Resource Watchdog

The Resource Watchdog monitors useful information such as CPU usage, ethernet interface states and addresses, etc. and reports it in the syslog of the Connect. The Watchdog is entirely configurable with its own bespoke configuration file.

It is possible to redirect the syslog of the Connect to either the RFS or a client, for more information, see syslog.

Enabling or disabling the Watchdog

The Resource Watchdog is disabled by default and starts automatically at Connect boot. To disable it, or to re-enable it, go in the FPUI to Menu System > System Configuration > Watchdog Config > Enable watchdog and select the appropriate setting (ENABLE or DISABLE).

Connect needs to reboot before Enable or Disable setting takes place.

You can also modify the [nethsm_watchdog] section in the Connect Configuration File by setting enable_watchdog to yes or no. Then, push it to the Connect as usual using cfg-pushnethsm.

See the nShield Connect User Guide section Configuring the nShield Connect to use the client for more information.

The watchdog automatically applies the new setting after a cycle (usually up to a minute).

Understanding the default settings

The default Watchdog Configuration File is as follows:

Network Devices:
- eth0
- eth1
- nshield0
Monitored Processes:
- hardserver
- netui
- cosmod
System Information Report:
  enabled: False
  interval: 1h
CPU Usage Monitoring:
  threshold: 180%
  interval: 60s
  frequency: 1h

Network Devices

The Watchdog monitors when the ethernet interfaces listed in its configuration file change state. By default, it monitors eth0, eth1 and nshield0 (only available on nShield 5c). You can add or remove ethernet interfaces from the configuration file.

A typical report looks like this:

Mar 13 10:47:50 nethsm nfwatchdog: Interface eth0 is now up.
Mar 13 10:47:50 nethsm nfwatchdog: Interface eth1 is now down.

The Watchdog also monitors address changes on these interfaces.

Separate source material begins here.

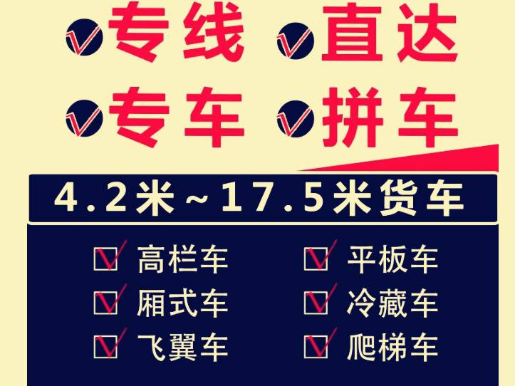 4.2m,6.2m,7.2m,8m,9..6m12.5m,13m,15m,17m,18m全封闭,高护栏,敞车,高低托板,轿车运输专用车,大件运输专用运输车队。运输网络遍布全国,每天往返于全国各地。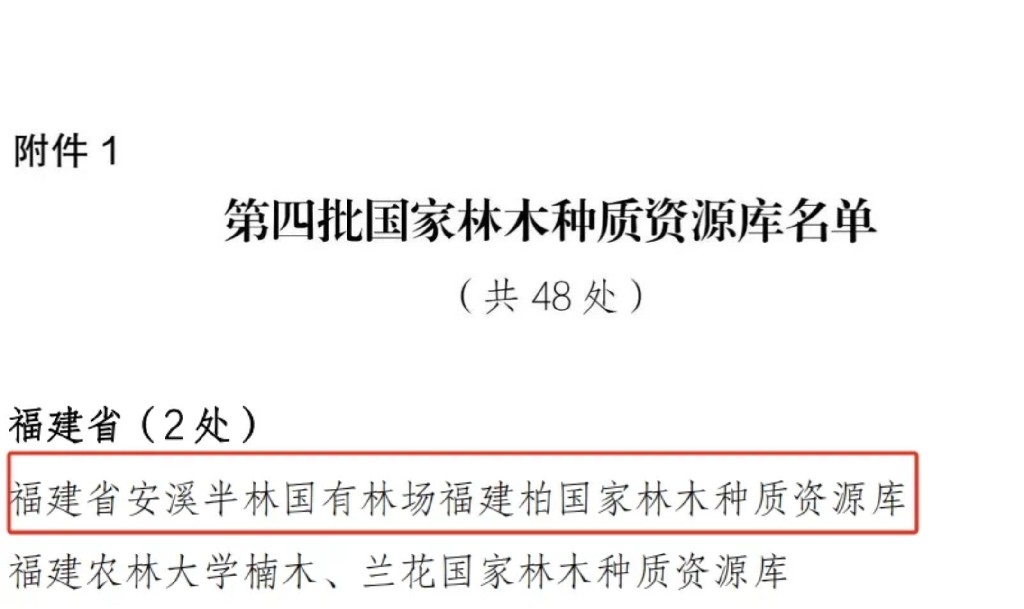 4月30日,国家林业和草原局公布第四批国家林木种质资源库名单,我市安溪半林国有林场福建柏国家林木种质资源库成功入选,成为福建省此次获批的两家林木种质资源库单位之一,标志着我市福建柏种质资源收集保存、鉴定评价、创新利用工作迈上新台阶。

A typical report looks like this:

Mar 13 10:47:50 nethsm nfwatchdog: The addresses of interface eth0 have been set to ["00:60:e0:87:a1:59", "172.23.135.129"].
Mar 13 13:58:25 nethsm nfwatchdog: The addresses of interface eth0 have changed from ["00:60:e0:87:a1:59", "172.23.135.8"] to ["00:60:e0:87:a1:59", "172.23.135.129"].

Monitored Processes

The Watchdog monitors when the processes listed in its configuration file start and stop. By default, it monitors harderver, netui and cosmod. You can add or remove processes from the configuration file. Please provide only the process name, do not include the path.

A typical report looks like this:

Mar 13 10:47:50 nethsm nfwatchdog: Process netui is not running.
Mar 13 10:47:50 nethsm nfwatchdog: Process hardserver is running: {"arguments": ["../sbin/hardserver", "-Llogfile"], "children": [{"arguments": ["/opt/nfast/python3/bin/python3", "-uIBm", "nshield.entrypoint", "--", "/opt/nfast/bin/hsc_servicehosts"], "children": [], "name": "python3", "pid": 607, "status": "running", "uptime": "0:00:01"}], "name": "hardserver", "pid": 598, "status": "sleeping", "uptime": "0:00:01"}

If the process is running, the Watchdog reports, in JSON format, the process name, arguments, PID, uptime, status and children, if any.

System Information Report

The Watchdog can report System Information. By default, the report is disabled. To enable it, set System Information Report > enabled to yes.

By default, the System Information Report is printed every hour (if enabled). To change the interval, set System Information Report > interval to the desired interval. This field can be expressed in seconds, minutes, hours, or days. Examples: 8h, 2d8h5m20s, 2m4s. A unit is required.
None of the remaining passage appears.